Due to the different size of classes in each dataset, there is also a different size of child and parent classes in the design for each dataset. Birds: , Dogs: , Cars: .

Conditional image generation  We compare our image generation results to FineGAN [23] and StackGANv2 [31], by relying on an InceptionV3 fine-tuned on each dataset. The normalized mutual information (NMI) between the child classes and the classes predicted by the Inception model is employed. In addition, we perform a conditional variation (C-IS) of the Inception Score [22]

(IS). For each child class, we average the predictions of the Inception model, and compute the IS on the class average. Following the same principle as the original IS evaluation, a good model should have high a probability on a single real class for each conditioned child class and a uniform distribution across all classes when averaged across all child classes.

Our results, reported in Tab. 1 show that OneGAN outperforms in both conditional image generation metrics. StackGANv2 was the worst performing model, which suggests that mask-based generation used by our model and by FineGAN is very useful for conditional generation. Our model also outperformed FineGAN, which as our ablation demonstrates, is due to the added reconstruction path during training. We back these numerical results with Fig. 6.

We strengthen these results with a user study. In the study, we chose ten different real images. For each model (OneGAN, FineGAN, StackGANv2), we encoded the images to extract the image child and parent code and then produced ten images conditioned on the codes of each of the ten images (see supplementary for the images). We then asked the following questions: (i) How realistic do the images look? (ii) How much are the objects in the images related to the conditioned images? (iii) How are images generated by the same show the same non-categorical similarity (pose, size, location, etc.). As in the results, presented in Tab. 4 show, our model generates conditioned images that are of better quality and represent a more coherent class. Our model also disentangles the categorical and non-categorical features better than the other models.

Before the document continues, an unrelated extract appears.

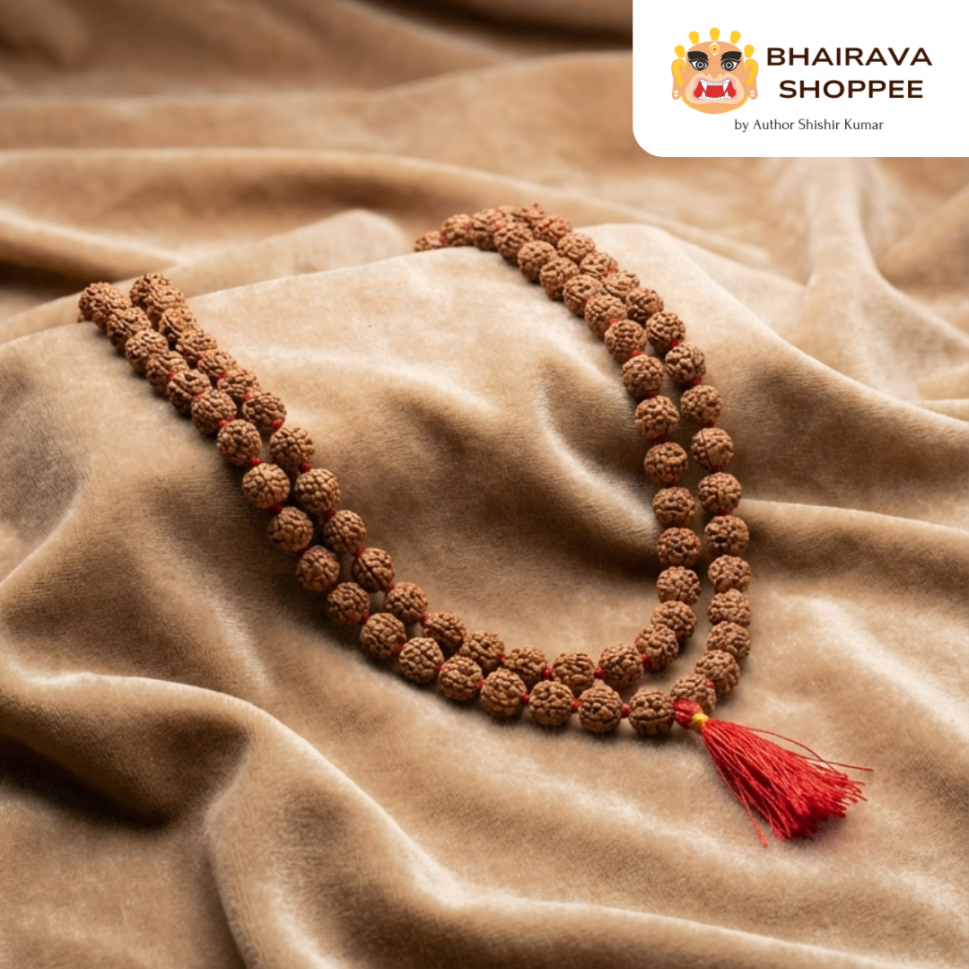This mala is crafted using authentic 5 Mukhi Rudraksha beads, carefully strung in the traditional 108-bead format, making it ideal for daily mantra repetition, meditation, and disciplined spiritual practice.
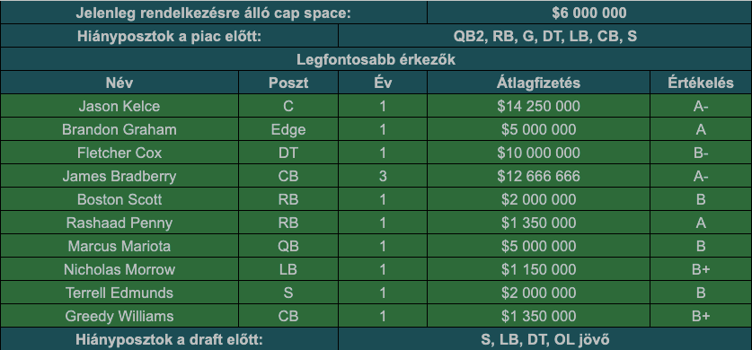 Hiányposztokat tekintve a támadósorba legfeljebb egy WR3 kellene, illetve majd a jövőre kell gondolni a támadófalban, hiszen Kelce visszavonulásával majd a center vagy a guard poszt hiányos lesz, illetve Lane Johnsonnal is két évre lehet számolni legfeljebb. Nem sürgető dolgok, de érdemes előre tervezni. A védelemben azért rosszabb a helyzet, a safety egyértelmű hiányposzt, és a linebacker is csak akkor nem, ha a tavaly nagy reményekkel draftolt Dean kész a nagy szerepre. A védőfal közepén is lehetne erősíteni, a Jordan Davis, Fletcher Cox, Milton Williams trió ugyan nem rossz, de egy contender csapatnál ennél többre lenne szükség, főleg hogy mélység nem nagyon van és Cox távozásával is számolni kell jövőre.

Unsupervised foreground segmentation  We compare our mask prediction from the autoencoding pathway to the real foreground mask. We evaluate according to IOU and DICE scores. We compare against two baselines, ReDO [4] and UISB [13] which are trained for each dataset separately, and a third one, IIC [11], which was trained on coco-stuff and coco-stuff-3 (a subset). While coco-stuff is a different dataset than the ones we used, it contains all the relevant classes. ReDO produces a foreground which we compare to the ground-truth similarly to how we evaluate our model. UISB is an iterative method that produces a final segmentation with a varying number of classes between 2 and 100. We iterated UISB on each image 50 times. The output was usually between 4-20 classes. Since there is no labeling of the foreground or background classes, this method cannot be immediately used for this task. In order to get an evaluation, we look for each image for the class that has the highest IOU with the ground-truth foreground. The rest of the classes are merged to a single background class. We then repeat with a single background class and the rest merged into foreground. Finally, taking the best out of the two options, each obtained by using an oracle to select out of many options, which provides a liberal upper bound on the performance of UISB. IIC also produces a multi-class segmentation map, we use it in the same way we use UISB by taking the best class for either background or foreground in respect to IOU. IIC has 2-headed output, one for the main task and one for over-clustering. For coco-stuff trained IIC, we look for the best mask in one of the 15 classes of the main head. For coco-stuff-3 trained IIC, the main head is trained to cluster sky/ground/plants, so we look for the best mask in one of the 15 classes of the over-clustering head. The results in Table. 4 show that our method outperforms all the baselines. The generated masks are presented in Fig. 4.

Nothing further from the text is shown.